Principles and Tranformation, Part II
In a post earlier this year, DMI Executive Director Andrea Bautista Schlesinger
laid out the need for post-transactional politics. Then last month, Principles and Transformation, Part I put forward a principled based approach as being part of the transformational solution.
But why are principles helpful? And what are they?
From Webster's Revised Unabridged Dictionary: "A settled rule of action; a governing law of conduct; an opinion or belief which exercises a directing influence on the life and behavior; a rule (usually, a right rule) of conduct consistently directing one's actions; as, a person of no principle." Good enough, but in this special case of political persuasion, think of a principle as a short, memorizeable phrase that helps move the Overton Window in the direction you'd like it to go. Brevity is important: follow principle (iii) from George Orwell's 1946 essay, Politics and the English Language: "If it is possible to cut a word out, always cut it out."
For some examples, follow the link...
Secure basic freedoms.
Invest in people and the future.
Democratize economic power.
Housebreak big corporations.
Build the green economy.
Globalize this approach.
Ten helpful things about principles
With that definition and those examples in mind, here are ten reasons principles are helpful for accelerating progressive transformation:
1 They're not just for campaigning. Principles aren't just for clearly communicating with voters: they're also useful for governing. They're a way of evaluating priorities. Take for example, rhetoric around tax cuts. The conventional wisdom is that middle class voters "won't hear" progressives until they've been bought off with a middle class tax cut. One problem with this has to do with the message matrix: moving the debate onto the territory where tax cuts are uppermost in voter's minds is beneficial to conservatives. But the problem really stems from not having a clear way to talk about what it is we DO want. If that's easing the middle class squeeze, there are a lot of policies we favor. Tax cuts might be part of that, but so is unionization and so is progressive taxation. But there's a principle that unites and connects all of these individual policies: they all democratize economic power.
2 They're a way of thinking systemically. Big problems like poverty and environmental degradation are are systemic: they can't be solved by addressing one issue at a time. Voters want more than lists of programs (something that John Edwards, one of the best and most articulate voices on this, didn't seem to get) but they also don't want to dive into the research. The solution? Principles can abstract out solutions from the research that most voters won't to (and shouldn't have to) deal with. Systems thinking is a key to understanding the world and principles help.
3 They're not framing or emotion based. George Lakoff and Drew Westen have both made some incredibly important contributions to the progressive conversation in the past few years. A deep understanding of how voters think and react to political communication has to form the basis of an effective movement. But there's also been something less than fully satisfying about their approach. Our guiding principles for governing the country need to be communicated clearly, but they need to go beyond that and be connected to the history and large bodies of public and foreign policy research. Principles are the backbone of the reality-based community - and to creating new realities: they are a key connecting point between research and governing, not just a shinier package.
4 They're positive.

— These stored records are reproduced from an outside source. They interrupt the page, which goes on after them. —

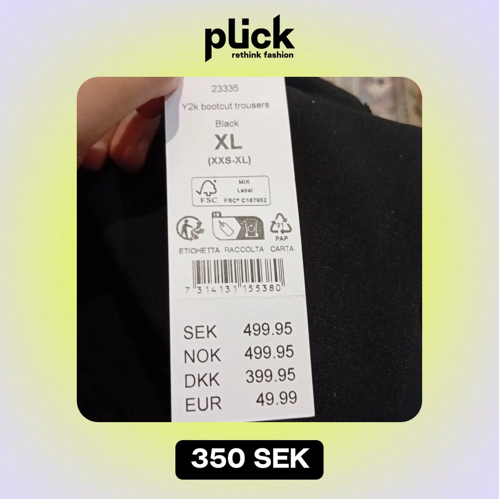 Snygga svarta Y2K bootcut byxor i storlek XL. De har en klassisk bootcut-stil som ger en retro vibe. Perfekta för både vardag och fest! Byxorna har knappar framtill och är tillverkade i ett bekvämt material som ger en smickrande passform. Oanvänd helt ny precis köpt. Storleken är inte direkt korrekt kontakta mig om mer info.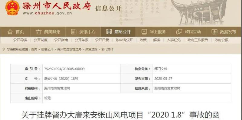 近日,滁州市人民政府發(fā)布《關于掛牌督辦大唐來安張山風電項目“2020.1.8”事故的函》。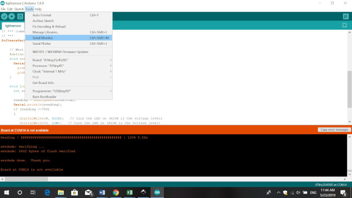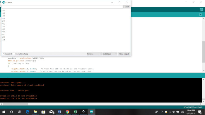 I checked the serial monitor, but I kept on getting COM 14 not available. It was on COM 15.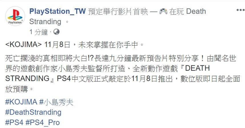 Gracze nadal by myśleli o słowach dziennikarza, ale jednostka PlayStation na Tajwaniu potwierdziła zgadywanie, ogłaszając, że Death Stranding zostanie wydany 8 listopada. Niemniej jednak gracze powinni poczekać na oficjalne ogłoszenie, które może się odbyć 29 maja.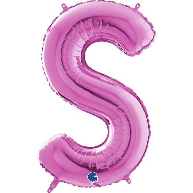 Fóliový balónek ve tvaru písmene S v růžové barvě. Balónek je ideální na oslavy, kde může znázornit spolu s dalšími písmeny jméno oslavence. Hodí se samozřejmně i na výročí a různé oslavy.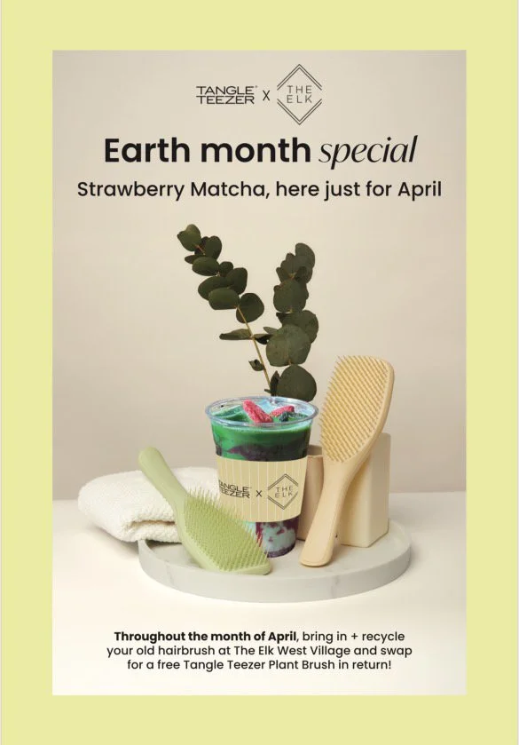 Throughout April, bring in + recycle your old hairbrush at The Elk (*West Village location only) and swap for a free Tangle Teezer Plant Brush! Plus, enjoy a special collab Strawberry Matcha.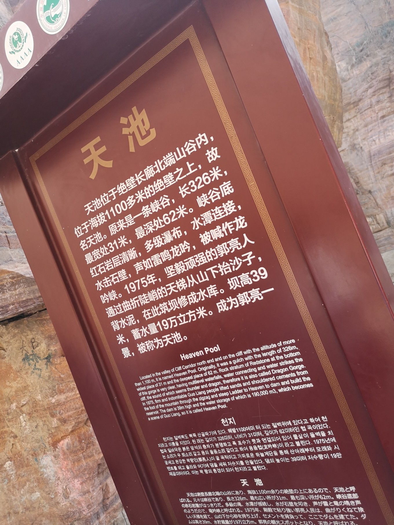 长廊过后是天池,但是我们去的时候没有水了,所以那些喊泉我们也没有去找,因为不知道有没有水。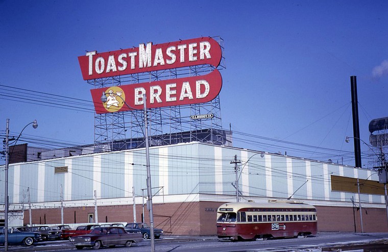 4417 westbound BLOOR car to JANE passing Canada Bread

Or at least, they can be. Sometimes all it takes is the inversion of what it is we're against. Instead of being against underfunding schools, progressives are in favor of investing in society.

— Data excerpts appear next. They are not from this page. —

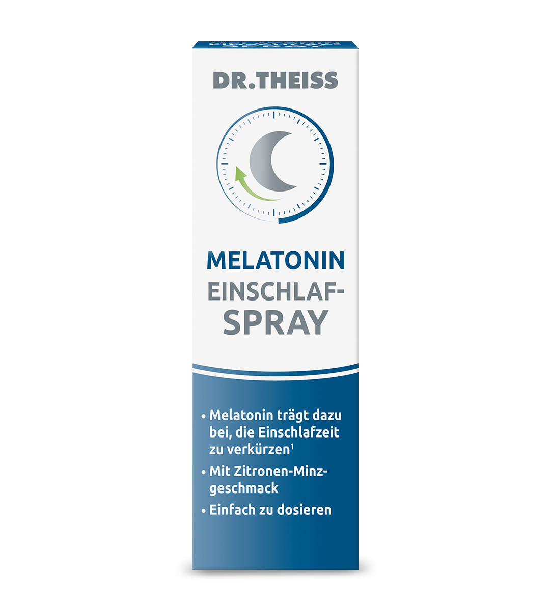 Der Hauptwirkstoff Melatonin trägt erwiesenermaßen dazu bei, die Einschlafzeit zu verkürzen. Die positive Wirkung tritt ein, wenn dem Körper kurz vor dem Zubettgehen 1 mg Melatonin zugeführt wird – was exakt zwei Sprühstößen des Produkts entspricht. Damit ist das Dr. Theiss Melatonin Einschlaf-Spray besonders präzise dosierbar und einfach in der Anwendung.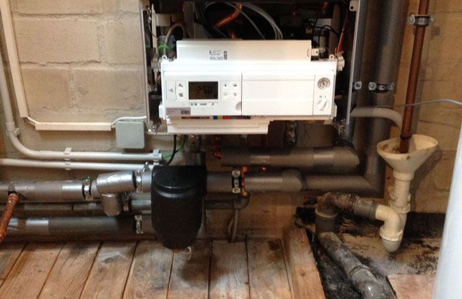 Einbau eines Gasbrennwertgerätes mit nebengestelltem Warmwasserbereiter, Fabrikat: Buderus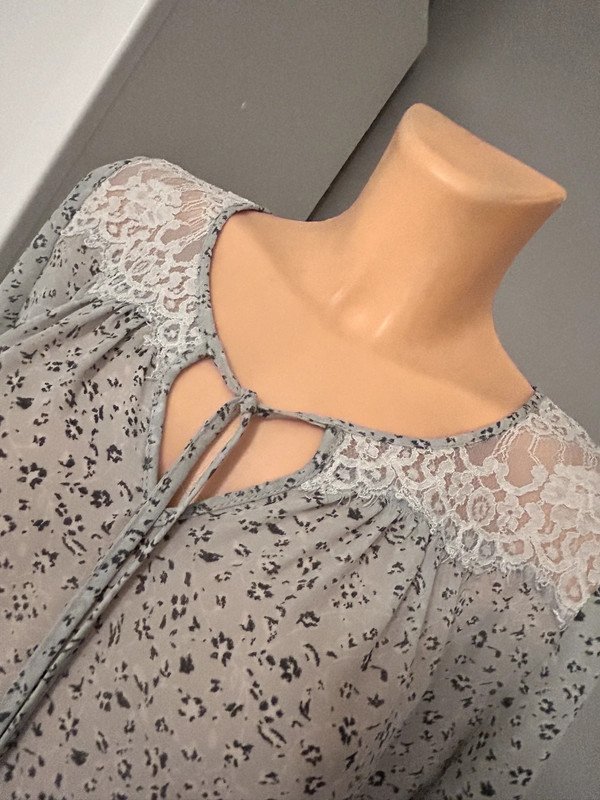 Elegancka bluzka Warehouse z koronką r. 38, idealna do biura, na imprezę.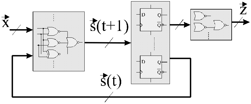 donde s(t) corresponde al estado actual, s(t+1) el estado futuro, z(t+1) la salida del circuito y x(t) las entradas en el instante actual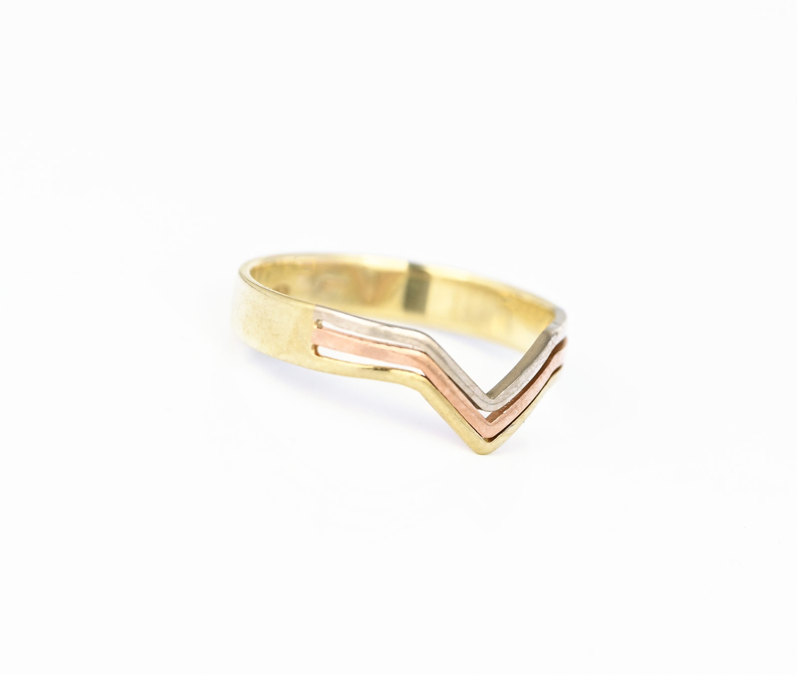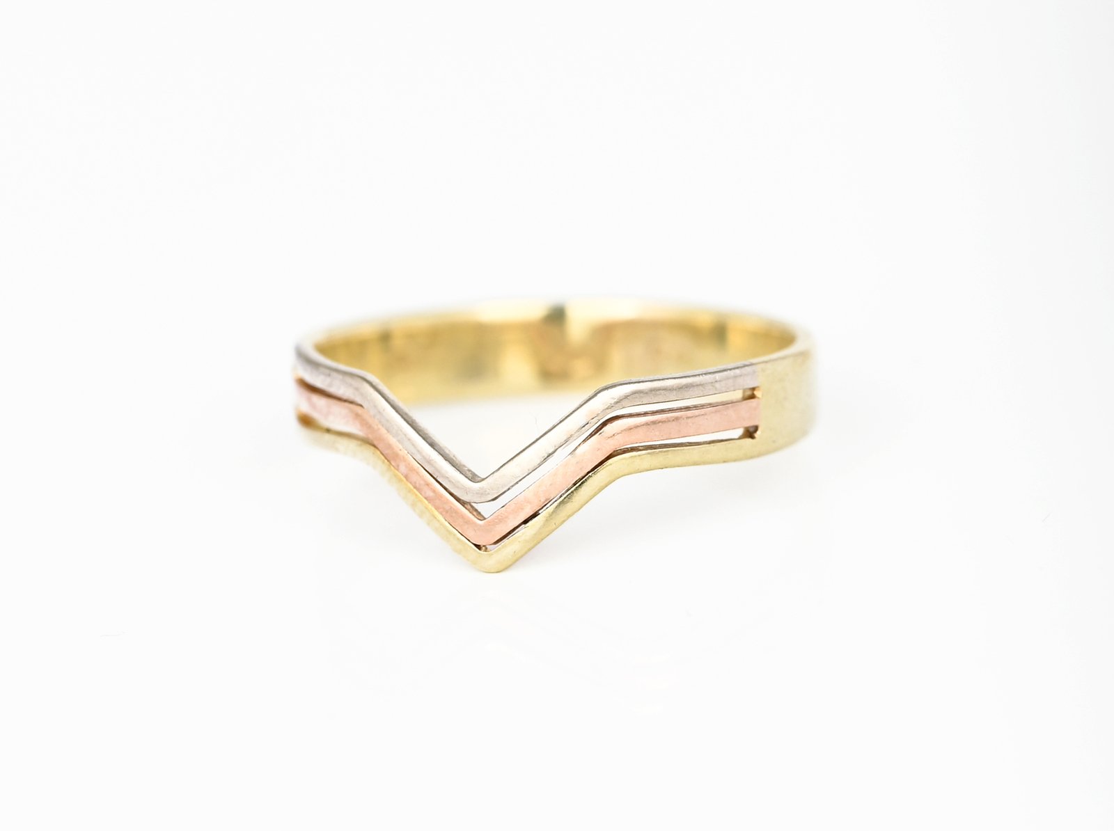 Prsten motiv špičky v kombinaci žlutého, bílého a červeného zlata

5 They're amenable to discipline. However, being positive alone won't do it. To really sink in, political messages require repetition. Sometimes this is called "the yak rule": as an activist, if you've heard a line so many times that you're ready to yak, it's just starting to sink in.) While a lot of progressives think we're too wild and wooly ever to give in to any kind of message discipline, this isn't true: we agree on a great many things even if we disagree about the basic order we should do them in. And, we just haven't figured out how to clearly express the things we agree on. Principles can serve that role.
6 They're memorizable. One of the keys to message discipline over time is having things trimmed down to the point you can memorize them. The Magical Number Seven, Plus or Minus Two: Some Limits on Our Capacity for Processing Information from 1956 is a class study of this. So try to keep the number of principles you come up with for a given topic to between five and nine.
7 They're usable in discussions. Because they're memorizeable (as long as you remember the 7 +/- 2 rule!), they're useful in discussions. It doesn't matter what level the discussion is happening at: they're just as useful in a persuasion phone bank as they are for a presidential candidate giving a speech to a huge rally.
8 They connect to history. Principles connect both to progressive history and are a response in the great dialectic to the conservative principles put forth by Russel Kirk and a great number of other terrific conservative communicators. Look at the principles of solidarity and interdependence, for example. They run through the labor, social justice, environmental and peach movements and all three major religions. These are big, important, world-defining ideas, and that is the place progressives want to be speaking from.
9 They're open ended, not laundry lists. A key to transformation is to talk about open-ended goals rather than checking off laundry list items. Progressives are for expanding substantial freedom, so when this comes to an individual issue, we should frame our arguments so that they reflect the broader context even if they're not explicit. We're not just in favor of gay marriage or women's rights, we're in favor of an end to domination generally.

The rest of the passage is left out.